DATASET EXTRACT Block Start
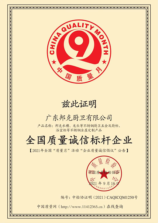 2021年9月,由國(guó)家市場(chǎng)監(jiān)督管理總局、中共中央宣傳部、國(guó)家發(fā)展和改革委員會(huì)等20個(gè)部門聯(lián)合開展以“深入實(shí)施質(zhì)量提升行動(dòng),大力推進(jìn)質(zhì)量強(qiáng)國(guó)建設(shè)”為主題的全國(guó)“質(zhì)量月”活動(dòng)。憑借出眾的產(chǎn)品服務(wù)質(zhì)量、有口皆碑的品牌實(shí)力,邦克廚衛(wèi)從眾多企業(yè)當(dāng)中脫穎而出,再度榮膺中國(guó)質(zhì)量檢驗(yàn)協(xié)會(huì)“全國(guó)質(zhì)量誠(chéng)信標(biāo)桿企業(yè)”稱號(hào)。
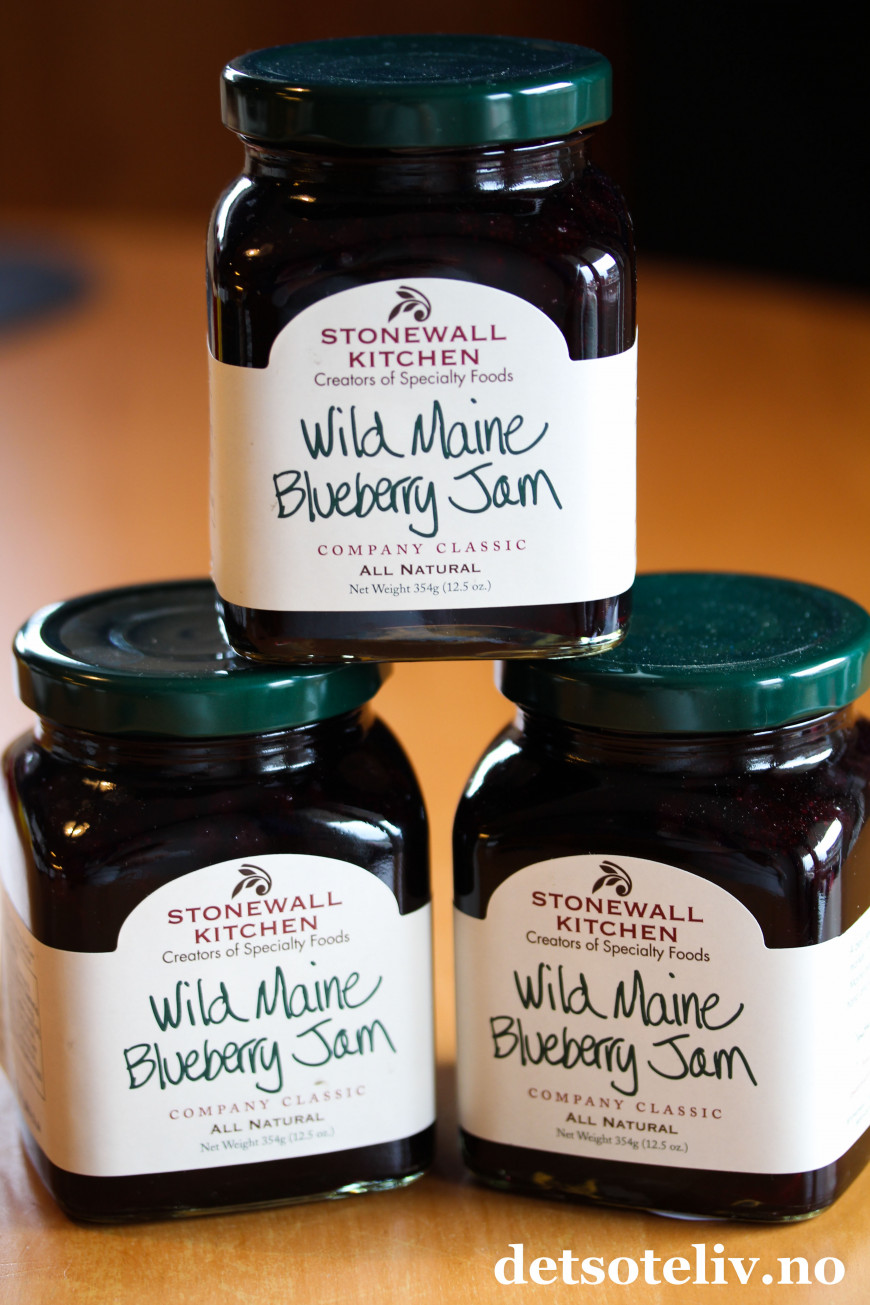 Wild Main Blueberry Jam er laget med villblåbær og er blant de mest populære syltetøyene til Stonewall Kitchen.
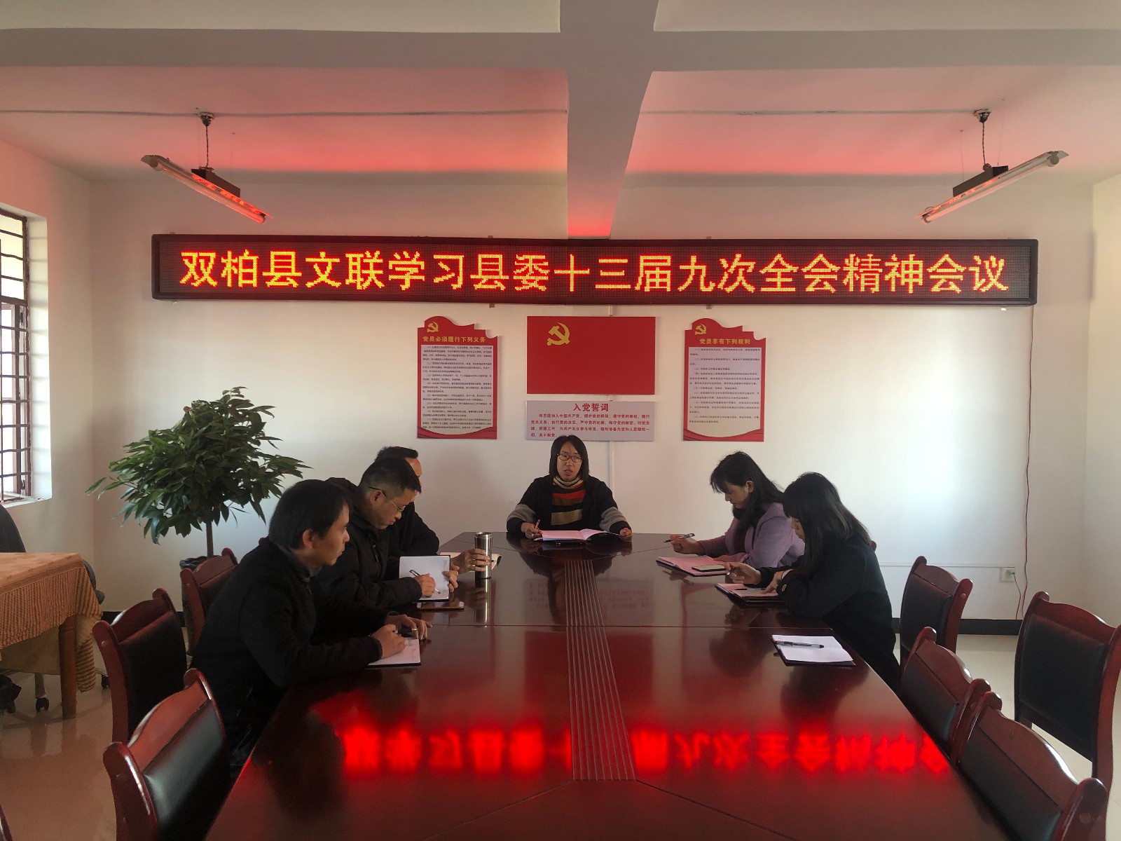 文联主席王雯君要求,全体干部职工要进一步统一思想,凝心聚力,从四个方面贯彻落实好县委十三届九次全会精神:一是全面加强文联自身建设。坚持“二为”方针和“双百”方向,树立创新精神,承担起推动文化创造的历史责任,建立健全文联下设的各个协会管理机制,吸纳新会员,发展壮大队伍,不断加强培训,引导我县文艺爱好者争做“德艺双馨”的文艺工作者;二是大力开展惠民文艺活动。开展文艺面向基层的文艺惠民、文艺为民、文艺乐民等文艺下乡活动,丰富广大人民群众精神文化生活,增强群众幸福指数;三是切实加强文艺园地建设。举办各艺术门类培训班,开展文艺采风活动,继续做好《哀牢山文艺》《彝乡文化》的编辑出版工作,为广大文艺爱好者提供习作园地和平台,大力培养双柏文艺人才,创作出人民喜闻乐见的优秀作品,努力打造本土文化品牌,力争在出精品上有所突破;四是积极开拓双柏文艺途径。紧紧围绕县委县政府发展大局,拓宽文联工作新思路。开辟文学艺术发展新途径,将文艺事业与旅游文化、历史传承、环境资源、民俗传统、百姓生活等因素联系起来,推动文艺与全县各项事业的融合发展。
DATASET EXTRACT Block End
### REQUIRED ACTION
Skip the pictures and write out exactly the lines from the line containing "Wild Main Blueberry" through the end of the listing above.

### EXPECTED ANSWER
 Wild Main Blueberry Jam er laget med villblåbær og er blant de mest populære syltetøyene til Stonewall Kitchen.
 文联主席王雯君要求,全体干部职工要进一步统一思想,凝心聚力,从四个方面贯彻落实好县委十三届九次全会精神:一是全面加强文联自身建设。坚持“二为”方针和“双百”方向,树立创新精神,承担起推动文化创造的历史责任,建立健全文联下设的各个协会管理机制,吸纳新会员,发展壮大队伍,不断加强培训,引导我县文艺爱好者争做“德艺双馨”的文艺工作者;二是大力开展惠民文艺活动。开展文艺面向基层的文艺惠民、文艺为民、文艺乐民等文艺下乡活动,丰富广大人民群众精神文化生活,增强群众幸福指数;三是切实加强文艺园地建设。举办各艺术门类培训班,开展文艺采风活动,继续做好《哀牢山文艺》《彝乡文化》的编辑出版工作,为广大文艺爱好者提供习作园地和平台,大力培养双柏文艺人才,创作出人民喜闻乐见的优秀作品,努力打造本土文化品牌,力争在出精品上有所突破;四是积极开拓双柏文艺途径。紧紧围绕县委县政府发展大局,拓宽文联工作新思路。开辟文学艺术发展新途径,将文艺事业与旅游文化、历史传承、环境资源、民俗传统、百姓生活等因素联系起来,推动文艺与全县各项事业的融合发展。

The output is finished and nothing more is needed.